I was a casual teacher, which meant that my prep and correction (including the huge amount of reading involved) was included in my hourly rate. I didn’t mind so much; I was young, and my partner had a job. It was only a problem if I was ill, or it was Christmas. For me and all the other sessionals, summer holidays represented three months without any income.
Then, in 2007, my partner got sick and lost his job while I was pregnant with our daughter. My coordinator encouraged me to write to HR and request to be made ongoing. I did so: a long letter outlining all the professional experience I brought to my role, my love of the job, my belief that I was doing good for students who were often vulnerable, had fallen out of structured education, had complex mental health issues or caring responsibilities.
I received a brief missive advising me that the institute had no obligation to make me permanent, but they would give me a 0.6 contract for a year. This felt like heaven! Personal leave! Annual leave! Long Service Leave!
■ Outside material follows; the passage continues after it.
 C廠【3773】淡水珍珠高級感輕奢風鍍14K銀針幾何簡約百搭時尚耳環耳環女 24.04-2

But the begrudging nature of the letter palled – I didn’t feel valued; I had simply made a big enough fuss.
TAFE is nothing without its teachers. They are its prime resource, its substance, its raison d’etre.
Eventually, I gained permanency – helped by successive AEU-negotiated agreements that made it more difficult to keep long-term staff in precarious employment. By then, though, the funding landscape of TAFE had changed. The state government (under John Brumby) created what is known as ‘contestable funding’. In this new ‘marketplace’, TAFEs were no longer guaranteed government funding, but were in competition with private registered training organisations.
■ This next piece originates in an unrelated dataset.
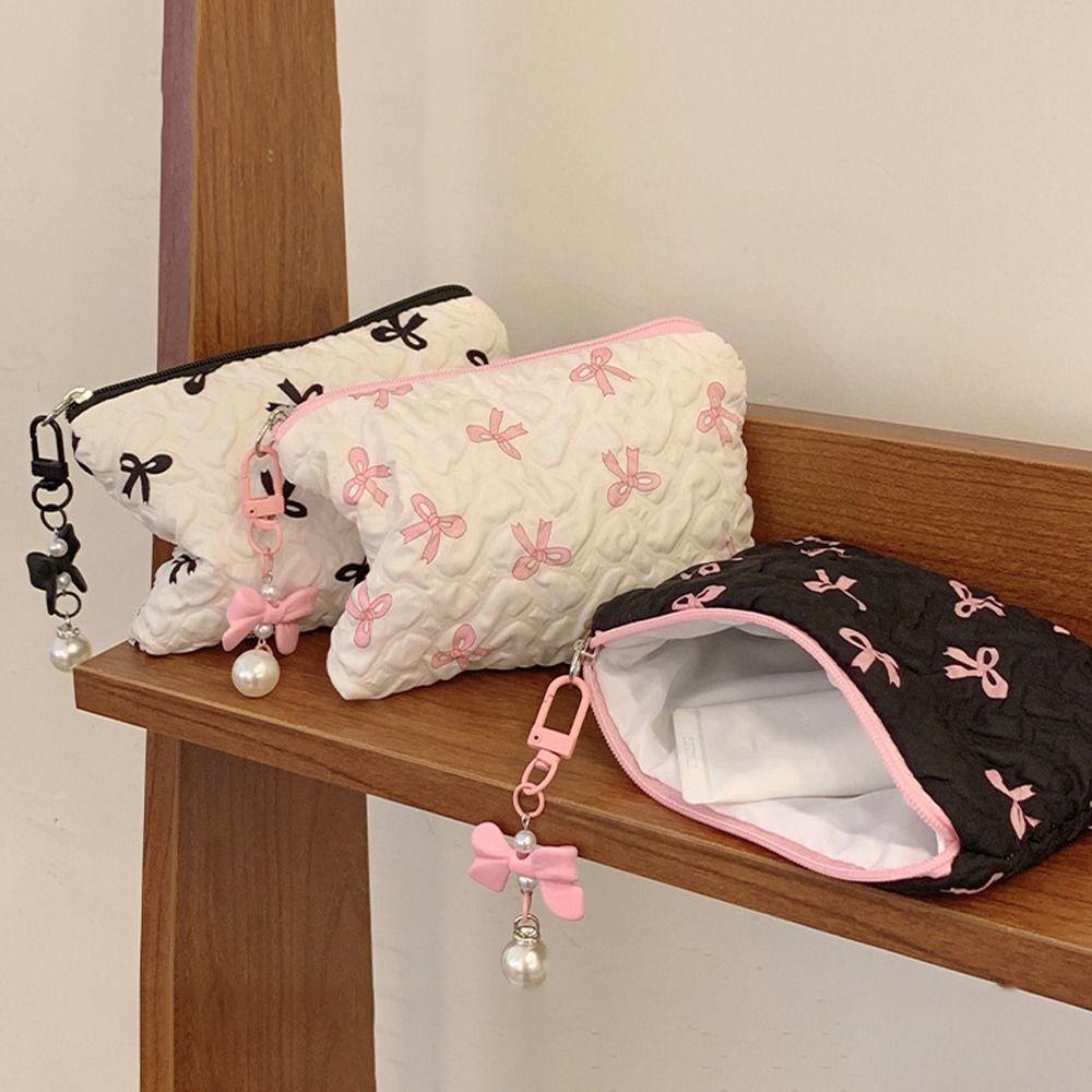 Fashion Bowknot Print Bow Makeup Bag Large Capacity Storage Pouch Cosmetic Bag Toiletry Bag Travel

For students, this meant previously low course costs became unaffordable. The number of funded hours for delivery was cut, enrolments dropped, and every year was a desperate attempt to keep our course running. Restructures disrupted collegiate relationships, CEOs came and went, programs were discontinued and staff made redundant – as happened, finally, to me. TAFEs were in the red, and the prime focus of upper management became meeting the bottom line.
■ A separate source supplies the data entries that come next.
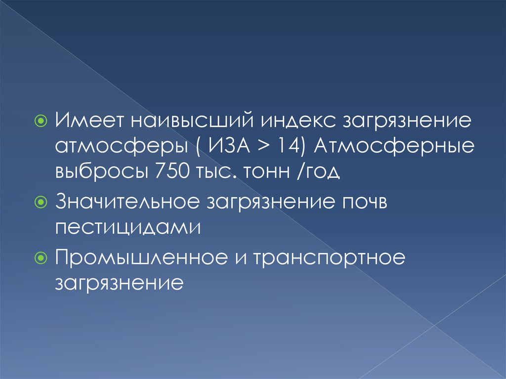 Имеет наивысший индекс загрязнениеатмосферы ( ИЗА > 14) Атмосферные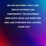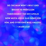 So the man went away and began to proclaim throughout the Decapolis how much Jesus had done for him. And everyone was amazed.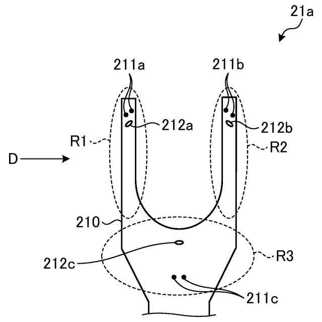 第1の先端領域、第2の先端領域、および後端領域を有する上面を有する本体であり、前記第1の先端領域および前記第2の先端領域は、第1の方向からみて互いに重複している、本体と、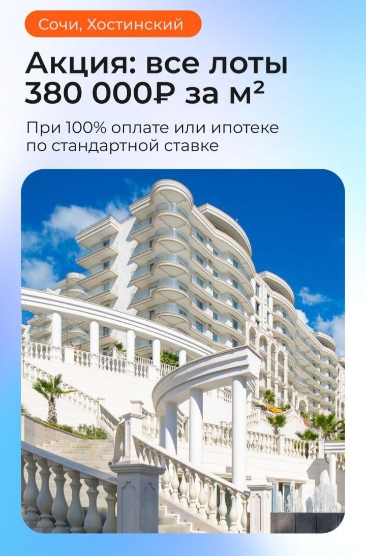 Акция 1 корпус • Любой лот за 380 000 за м² при 100% оплате. • Тестовый запуск отеля: 3 квартал 2026 года. За подробностями в личку 📩 #недвижимость #риэлтор #сочи #недвижимостьсочи В этом посте есть большое видео, которое не загрузилось в Дзен. Откройте оригинал поста в телеграме, чтобы его посмотреть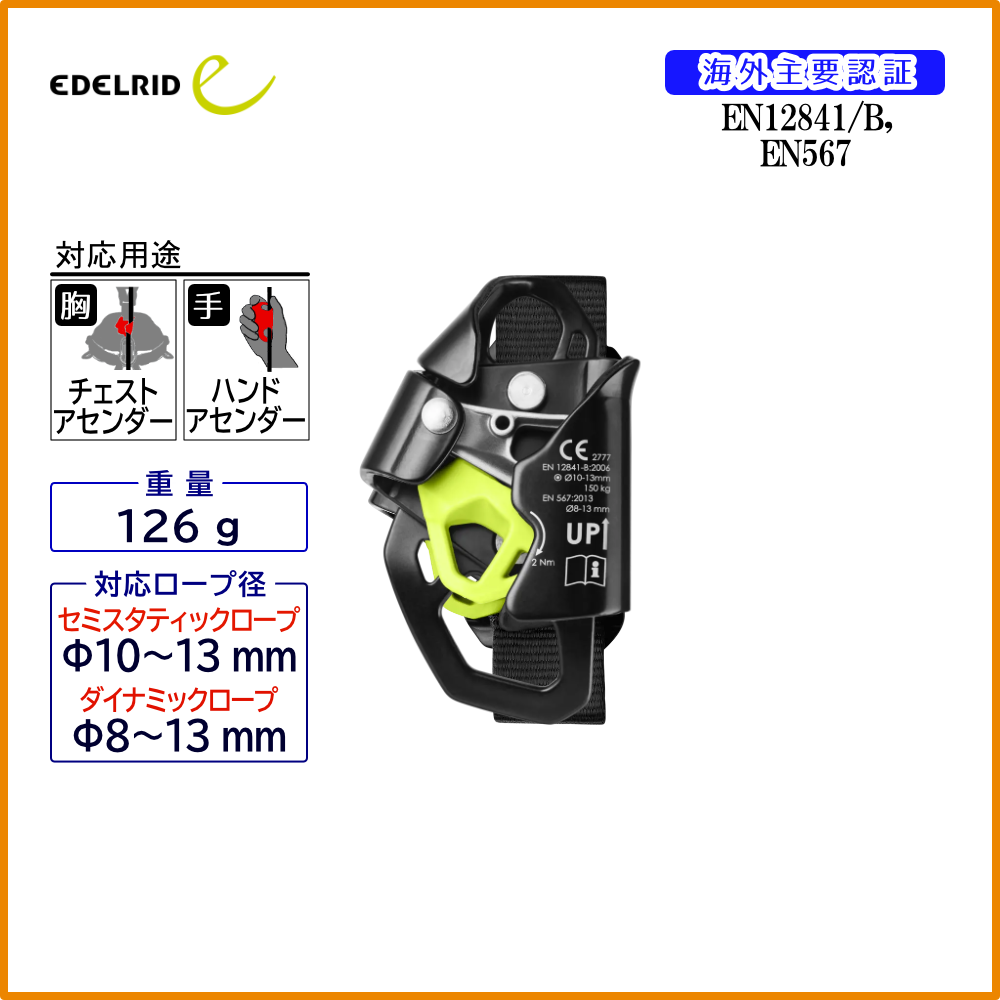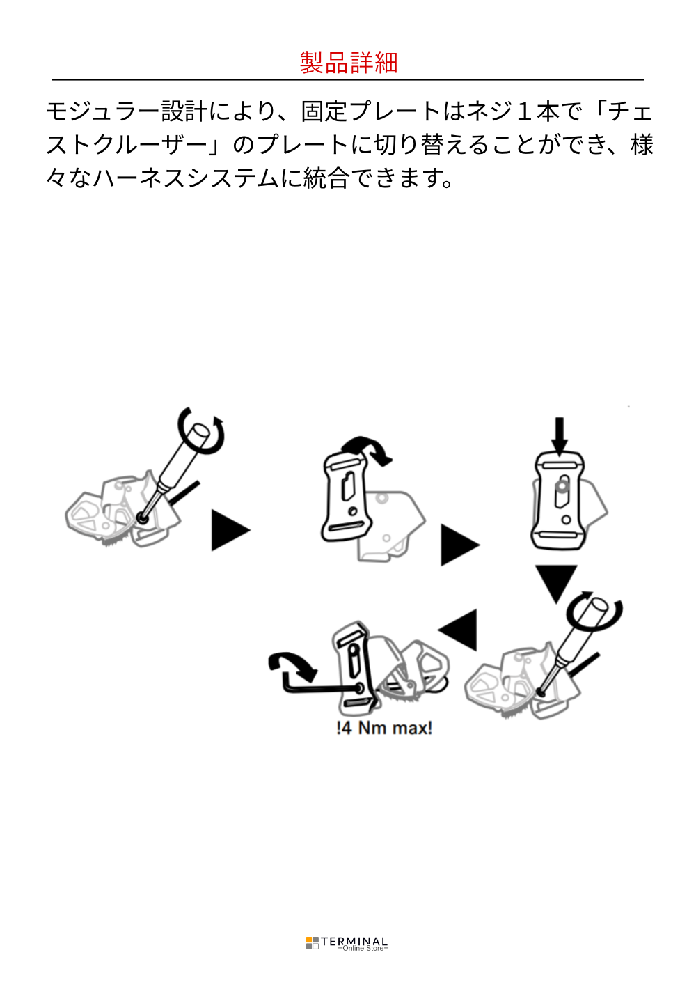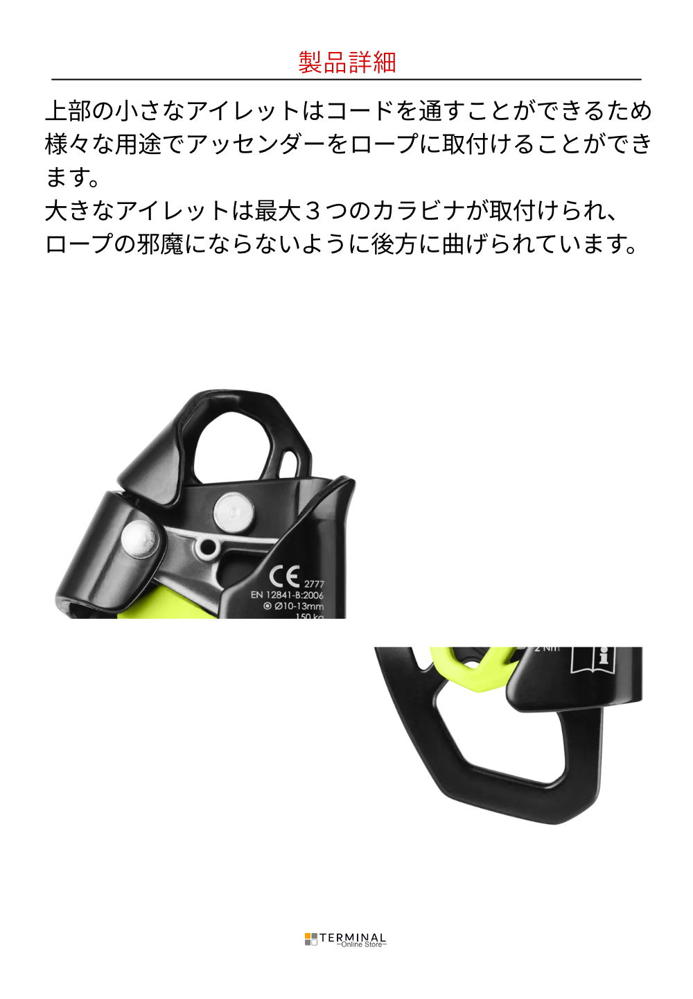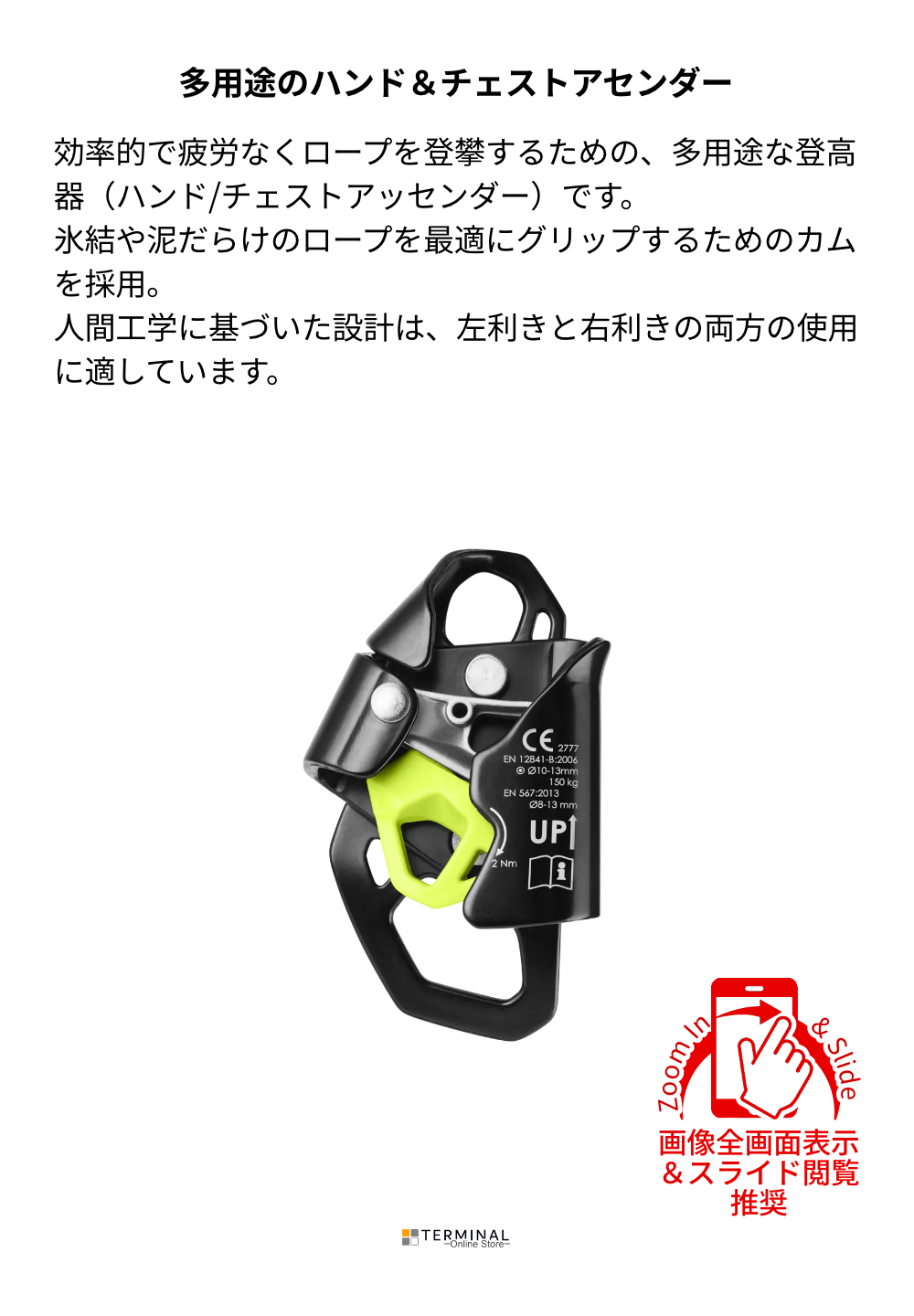 効率的で疲労なくロープを登攀するための、多用途な登高器(ハンド / チェストアッセン ダー)です。人間工学に基づいた設計は、左利きと右利きの両方の使用に適しています。 モジュラー設計のおかげで、固定プレートはネジ1本でチェストクルーザーのプレートに 切り替えることができ、さまざまなハーネスシステムに統合できます。上部の小さなアイ レットはコードを通すことができるため、さまざまな用途でアッセンダーをロープに取付 けることができます。大きなアイレットは最大3つのカラビナが取付けられ、ロープの邪 魔にならないように後方に曲げられています。

So many of the things that gave me job satisfaction evaporated. But what was most insidious was the way marketing and managerial language crept into our thinking about our students. People – often young, often susceptible – became mere numbers. Meanwhile, TAFEs said goodbye to admin assistants, and all their work fell to teachers. Many – particularly those in the trades – struggled with this extra burden. What took their admin assistant ten minutes to complete took them hours.
I’ve seen members disciplined for repeatedly failing to satisfactorily complete unit plans so complex that George Orwell would turn in his grave. All in the name of ‘compliance’ – a punitive approach that has no useful place in education.
Middle managers were brought in who had no experience in education, no understanding of the holistic aspects of teaching and learning, no appreciation of the significant amount of pastoral care teachers provide while keeping on top of an increasing load of paperwork, assessment, and class preparation.
Things are slowly improving. The AEU has secured better TAFE funding. But the damage has been done to teachers’ sense of value and morale. Jumping ever higher hoops, they are anxious, worn out, and tired of being at the bottom of the pecking order.’
TAFE is nothing without its teachers. They are its prime resource, its substance, its raison d’etre. They are its goldmine. Without TAFE teachers there is no TAFE. Despite a love of teaching, too many are contemplating a return to industry. And it’s our students – our future – who will suffer.